This is a song about someone who defends their abuser with the same breath they describe the abuse, treating loyalty to the person who hurts them as proof they're still choosing something instead of admitting they never had a choice. The speaker redirects every threat outward while describing inward collapse, convinced that protecting the brother from outside judgment is the only form of agency left when she can't protect herself from him.
Bare naked under my nightgown / Pissing on the stove to put it out
The physical vulnerability and feral survival behavior land before any context does, establishing a household where basic safety and innocence are already gone. This is not a memory framed as trauma but a present-tense inventory delivered without affect, like these details are just how life works.
Older brother made a name for himself with the cops / Scumbag fuck, but I swear that he's not
The contradiction arrives in consecutive lines. She names what he is, then immediately retracts it, treating the insistence that 'he's so good to me' as evidence when it's actually the diagnostic symptom. The speaker doesn't realize that selective kindness from an abuser is how abuse continues, not proof it isn't happening.
I'm not scared of God / I'm scared He was gone all along
This reads like theological doubt but it's actually about abandonment. If God was never there, then nobody is coming and what's happening was always going to happen, which means the speaker can stop waiting for intervention and accept the brother's 'goodness' as the only protection available. The fear isn't judgment but the confirmation that she's alone in this.

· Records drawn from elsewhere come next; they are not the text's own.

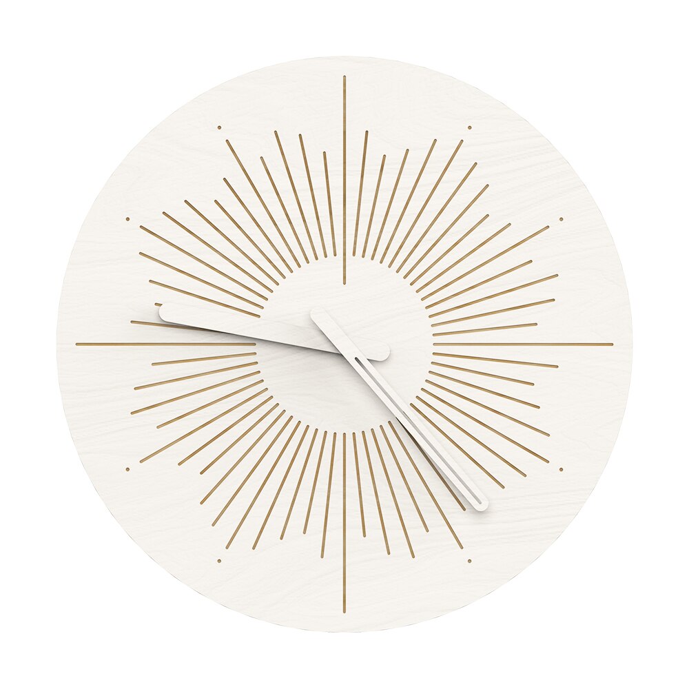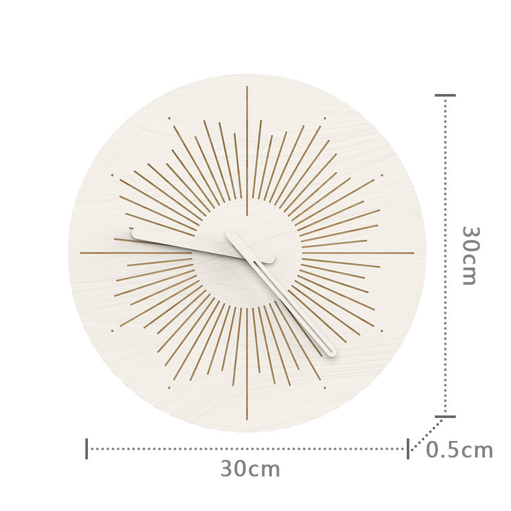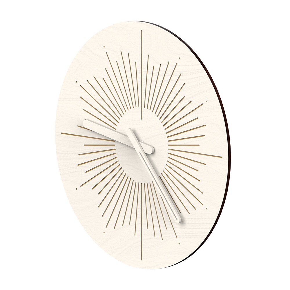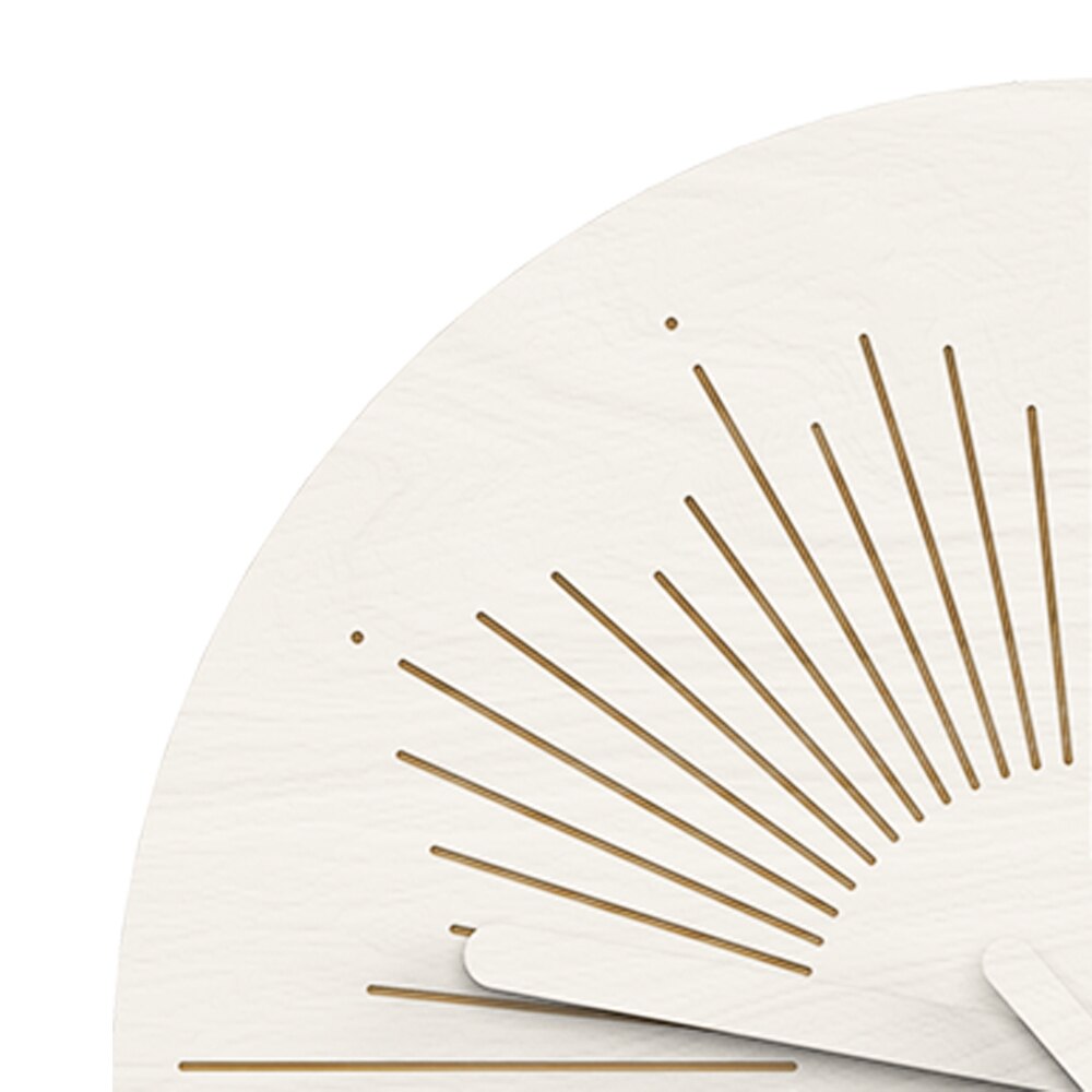 Stworzony z dbałością o każdy detal, ten Ozdobny zegar ścienny w kształcie słońca zachwyca swoją prostotą i elegancją. Jasna tarcza, wykonana z wysokiej jakości materiału imitującego naturalne drewno w odcieniu bieli, stanowi idealne tło dla precyzyjnie wyciętych, złotych promieni, które rozchodzą się od centralnego punktu. Kontrastujące białe wskazówki idealnie komponują się z całością, jednocześnie zapewniając łatwe i czytelne wskazanie godziny. Wyposażony w cichy mechanizm, gwarantuje spokój i komfort, bez uciążliwego tykania, co czyni go idealnym wyborem do sypialni lub miejsc, gdzie cenisz sobie ciszę. To połączenie funkcjonalności z wyrafinowanym wzornictwem, które sprawdzi się w każdym nowoczesnym domu.
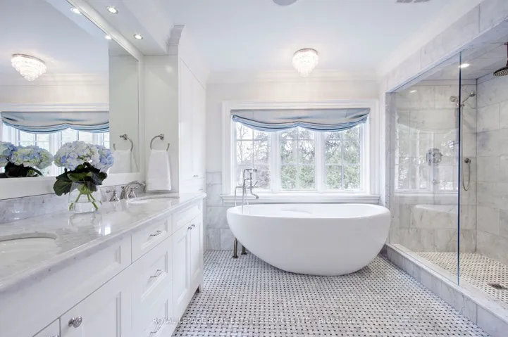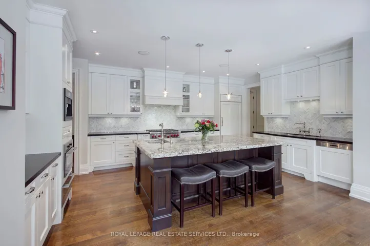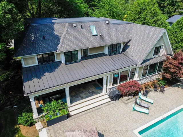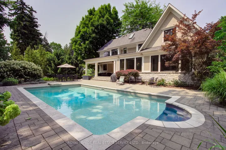 Welcome to 461 Copeland Court, nestled in the coveted Morrison district of South East Oakville, just steps from top ranked public and private schools. This transitional custom built home perfectly balances the timeless charm of a traditional “Old Oakville” estate and the edgy touch of a David Small design. Tucked at the end of a rare, tree lined, quiet court, the large stone and cedar covered front porch offers a calming sense of serenity. This executive residence is flooded with natural light from every angle, creating a warm and inviting atmosphere throughout. The designer chef’s kitchen does not disappoint, featuring professional series Wolf, Sub Zero and Miele appliances, an oversized pantry, a generous island, and an eat-in breakfast area overlooking the fully landscaped backyard and pool. The space flows seamlessly into the spectacular family room, highlighted by a soaring two story vaulted ceiling. Additional main floor features include generously sized principal rooms, a formal dining room, a private office, a large mudroom and a custom laundry room. The thoughtful use of imported stone, richly stained hardwood flooring and a matching staircase is complemented by refined architectural details throughout the home. Upstairs, you’ll find four generously sized bedrooms, including a luxurious principal retreat featuring a fitted walk-in dressing room and a spacious ensuite. The main bathroom boasts detailed imported stone finishes and a skylight that bathes the space in natural light. A fully finished basement completes the home, with a second family room, a fitted home gym, a games room, a four-piece bathroom, and a spacious fifth bedroom. Set on approximately one-third of an acre, the tree lined estate grounds provide exceptional privacy and opulent outdoor features, including an oversized full depth pool with a diving rock, a private covered outdoor dining area and family retreat, and professionally landscaped grounds showcasing soaring mature trees.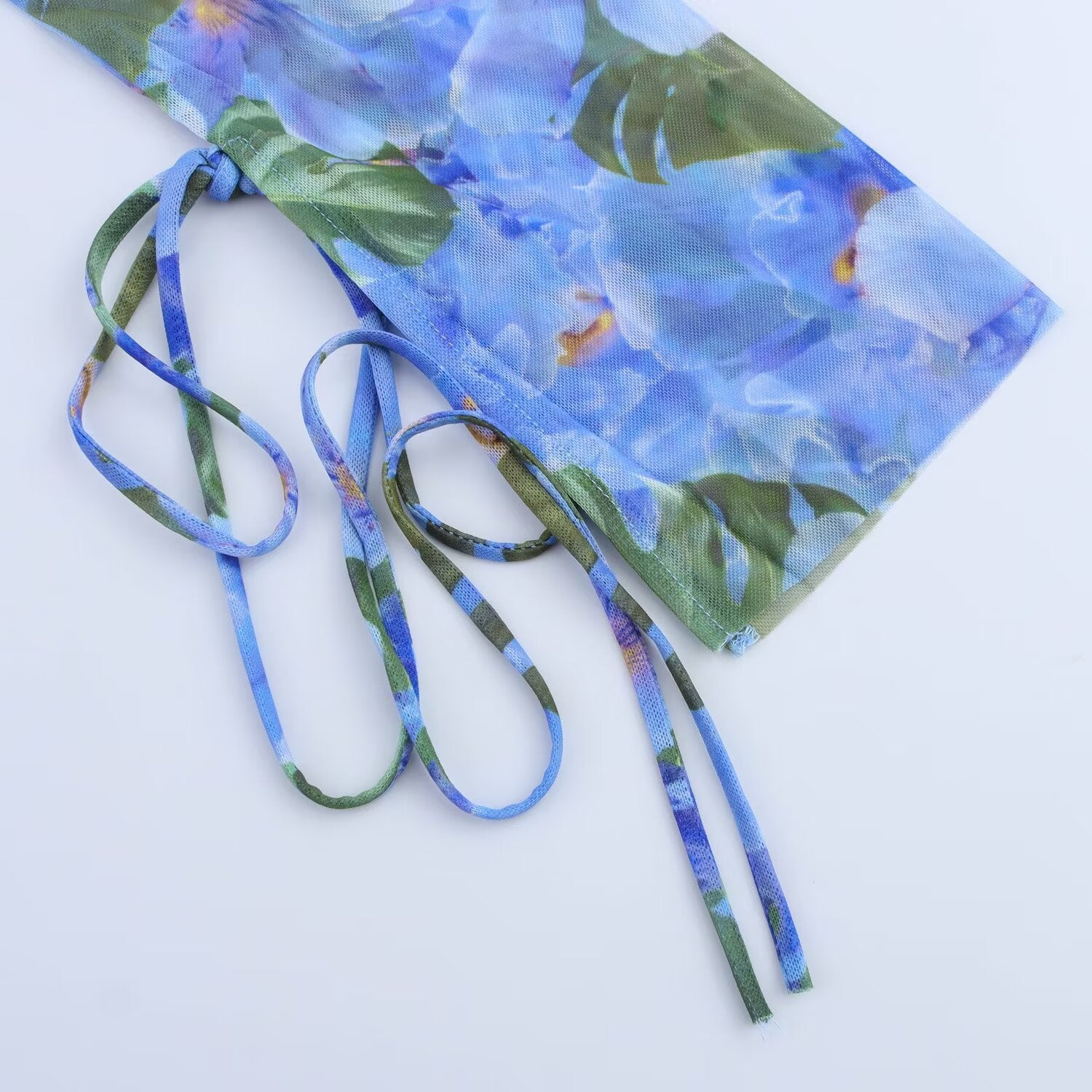 Women's 2025 New Fashion Printed Tulle suspender Mini Dress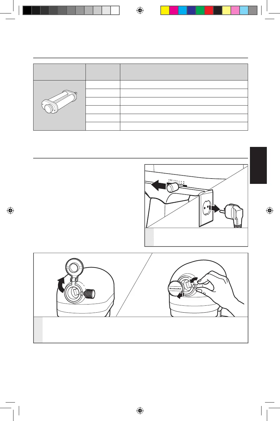 Fyrir borðhrærivélar með hlíf á hjörum fyrir fylgihlutadrif: Smelltu upp til að opna.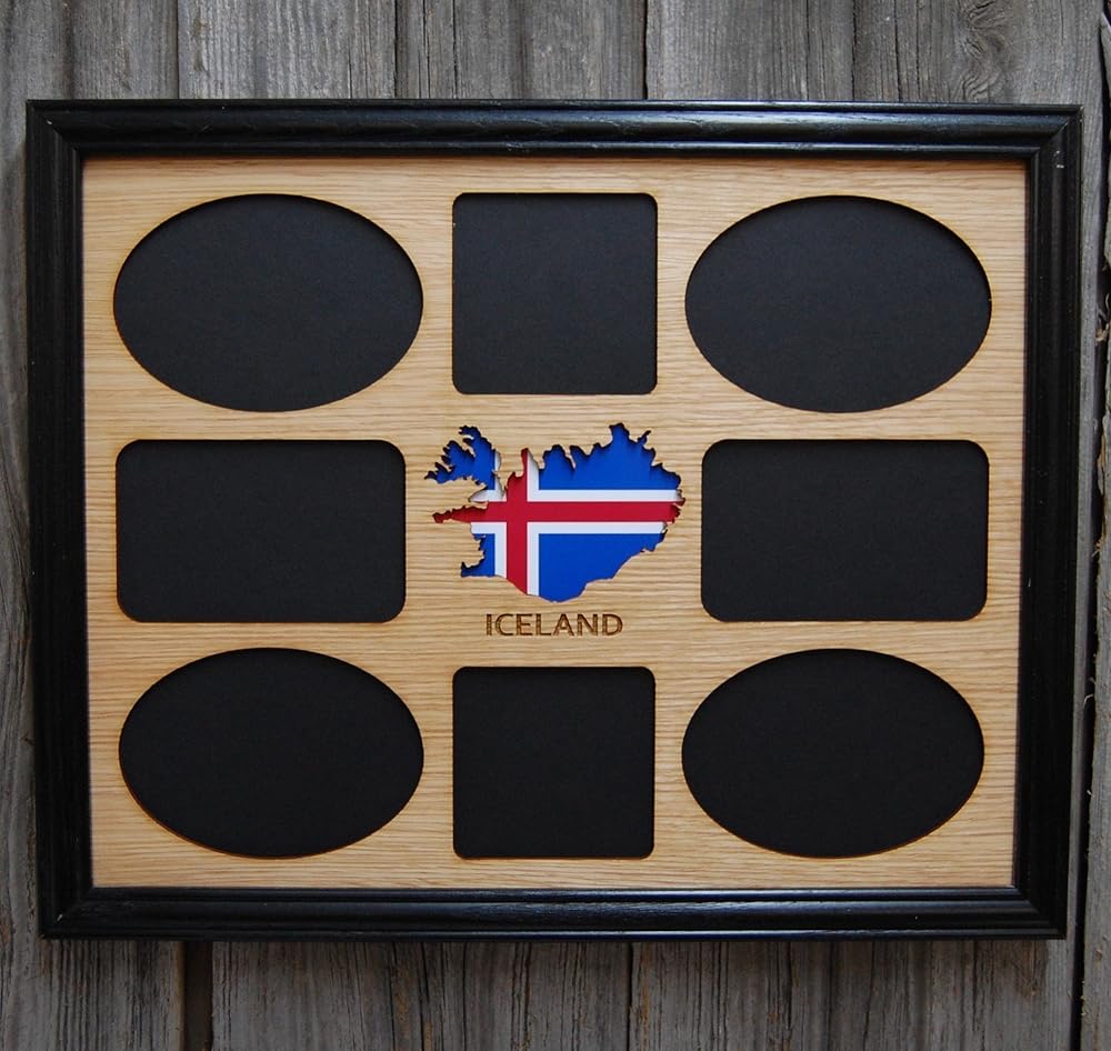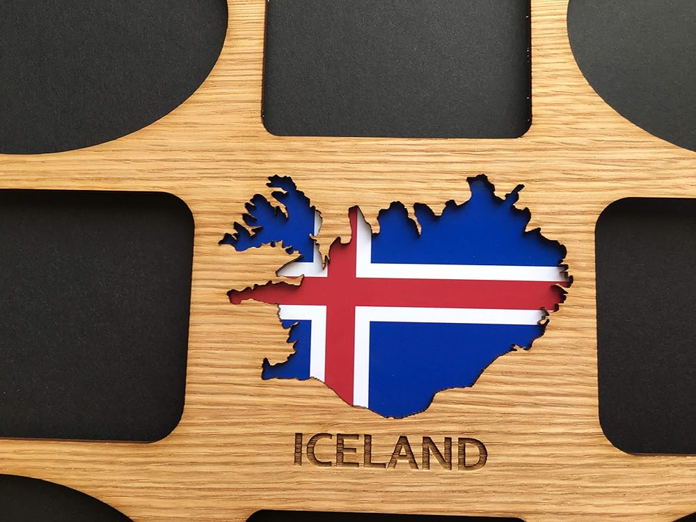 - [HANDMADE] England Picture Frame has the country cut out in the middle with the country flag behind it and is surrounded by 8 photo openings.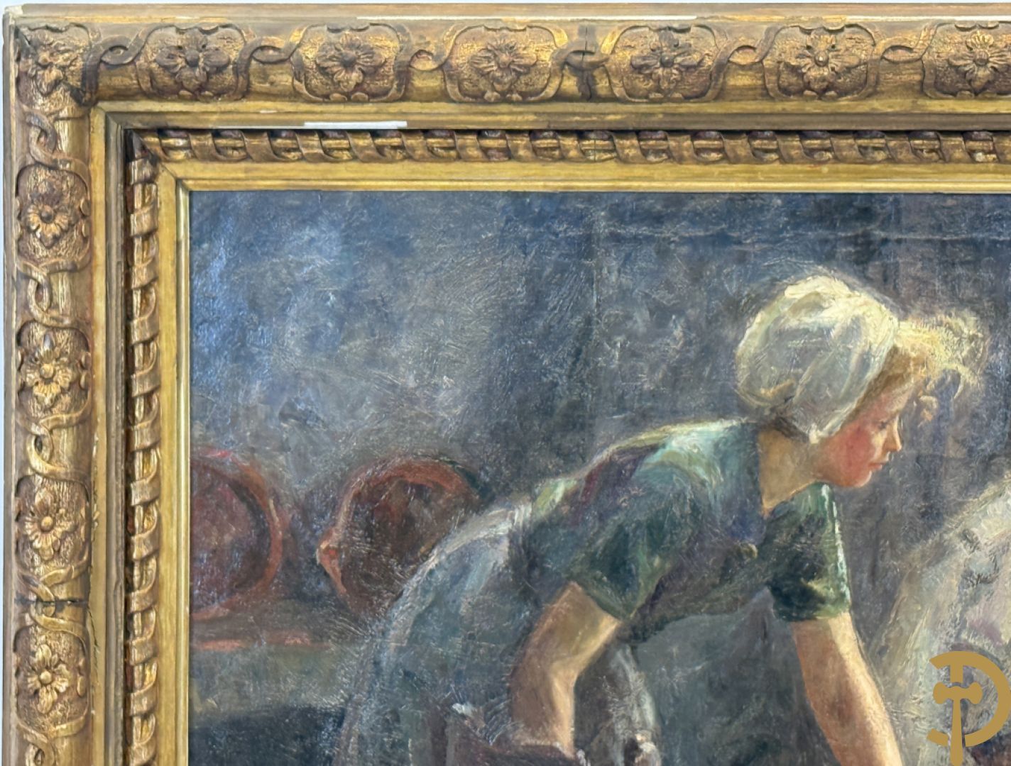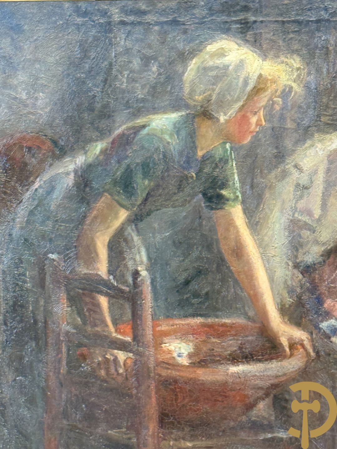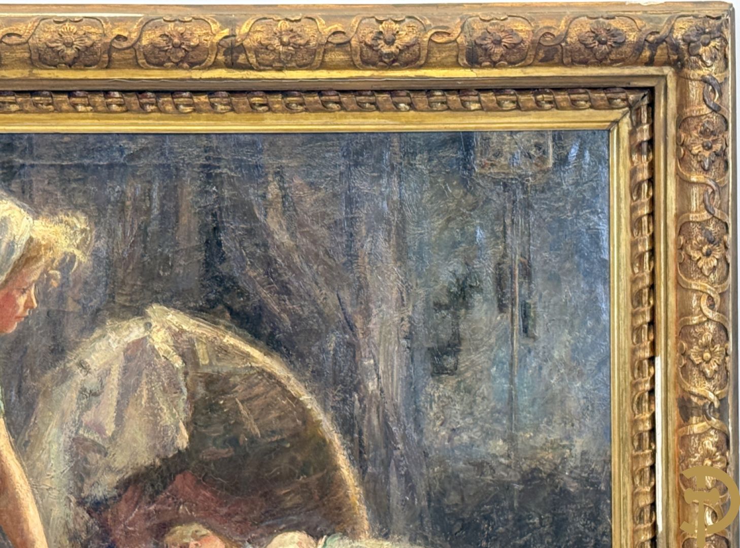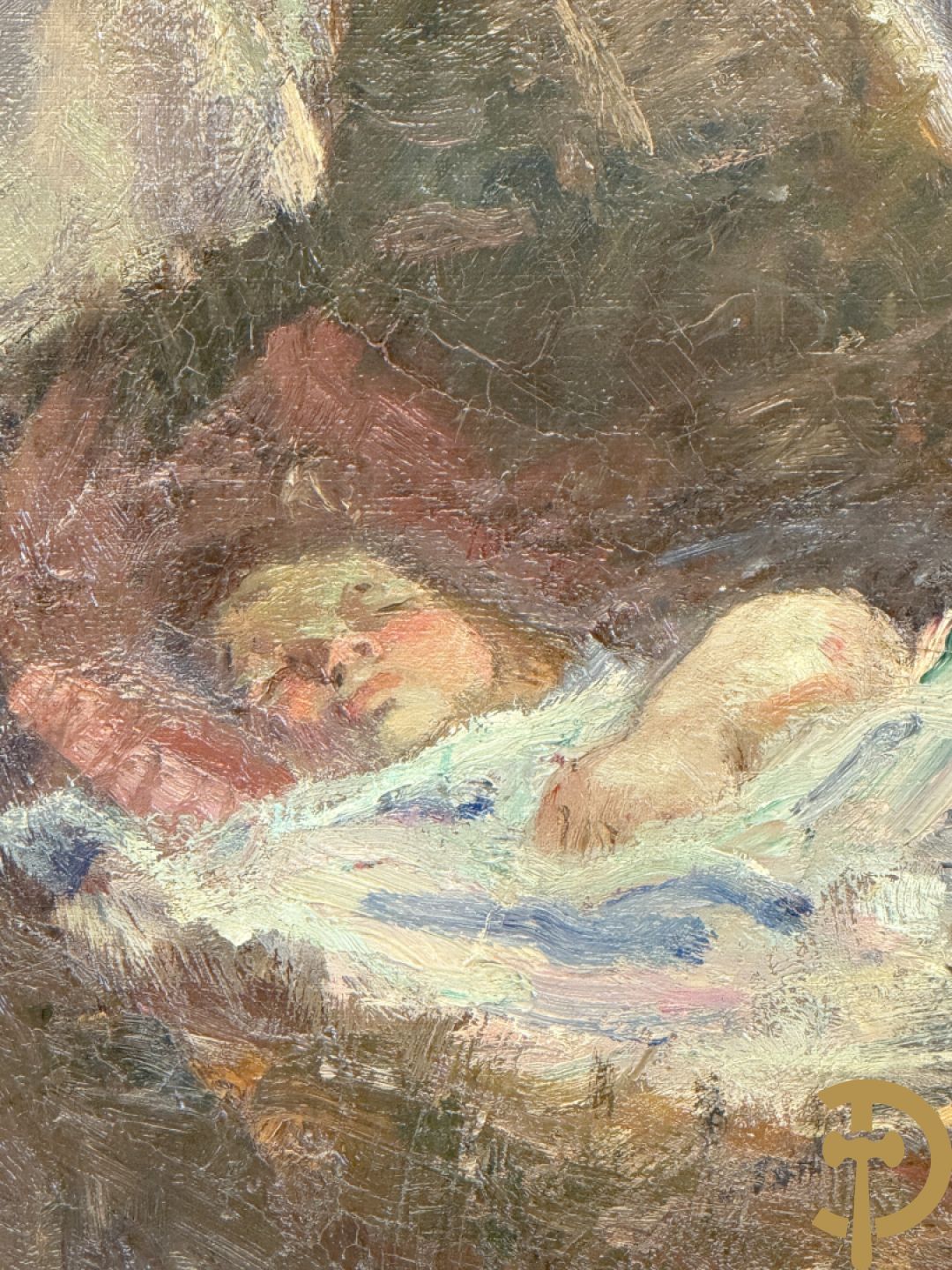 DE BARSY A. getekend (Anna) 1878-1949 'Geanimeerde interieurscène met jonge moeder en kind in de wieg' olie op doek

Does your baby know her daddy's a rapist? / He hates the way you look at me
The speaker redirects the threat toward someone outside the house, weaponizing what's happening to her as a warning to others rather than naming it as something that should stop. She frames the brother's jealousy as protection, like his hatred of another predator proves he's different, when both are just claiming ownership.
You were wrong
The 'you' is aimed outward at someone who might judge the brother, but the repetition starts to sound like she's trying to convince herself. I'm not sure she even believes it by the end, or maybe she does and that's worse. Either way, the song closes without resolution because the speaker can't leave and can't imagine a version of this that ends differently.
This song is Ethel Cain doing exactly what the character was built for: she absorbs the damage and calls it devotion, turns victimhood into a test of loyalty she's determined to pass. The speaker doesn't realize that defending the person who hurts you isn't strength, it's the clearest proof the abuse already won, but realizing that would require believing she deserves better and the song never gets there.